COVID-19 pandemic froze property sales in 2020, and experts say the big thaw likely won’t occur until occupancy improves.
By Jeff Shaw
U.S. seniors housing property and portfolio sales ground to a halt in 2020, with a total transaction volume of $9.9 billion, down 48 percent from $17.9 billion the prior year, according to Real Capital Analytics (RCA).
The last time annual property sales for the sector were below $10 billion was in 2010, when the economy was still recovering from the Great Recession and total volume registered $6.2 billion.
To put that 48 percent annual decline in 2020 into perspective, consider that across all the major classes of commercial real estate property and portfolio sales fell 32 percent during the same period.

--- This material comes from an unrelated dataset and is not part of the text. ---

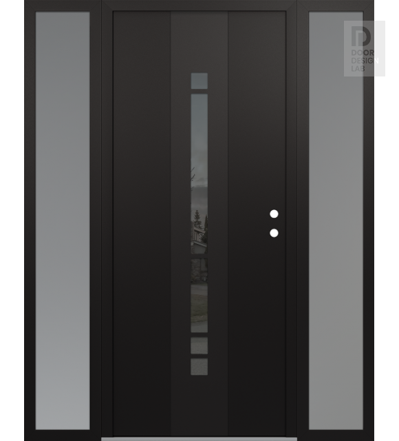 Modern Steel Front Door DIAMOND A3 68" X 80" BLACK/BLACK MIRRORED GLASS PANEL BLACK RHI WITH 2 SIDELITES FROSTED GLASS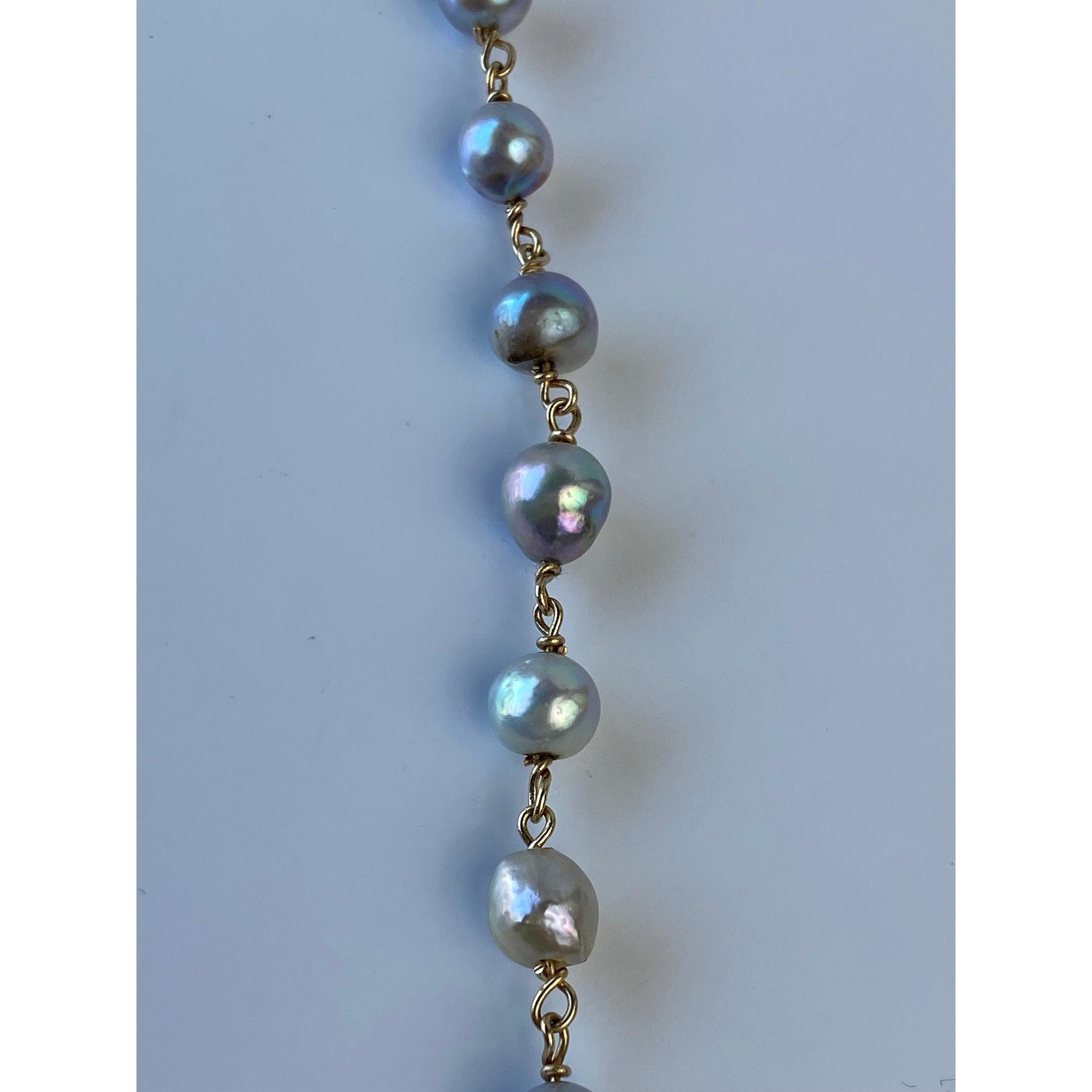 Vintage Solid 14k Yellow Gold Light Blue Pearl Link Bracelet - 7.25 inches

The blame falls squarely on the COVID-19 pandemic, according to Jim Costello, senior vice president of RCA, a New York City-based firm that tracks independent reports of property and portfolio sales $2.5 million and above.
“There are two aspects to COVID shutting things down,” says Costello. “First, you’re locked at home, you can’t look at a property, so you can’t file documents. The second element is that we’re in the middle of a recession. People aren’t sure what happens next, so deal activity suffers.”
The first quarter of the year looked to be very active until the pandemic struck with full force in March. Everything came to a halt in the second quarter, followed by a slow recovery in the second half of the year. Transaction volume was $3.6 billion in the first quarter, $1.3 billion in the second quarter, $2.1 billion in the third quarter and $3.1 billion in the fourth quarter.
“For a while in the second quarter, even if you had a deal done, there were some counties where you couldn’t file papers for a deed,” says Costello. “You couldn’t get to the courthouse and there was no electronic option available. Things were chaotic.”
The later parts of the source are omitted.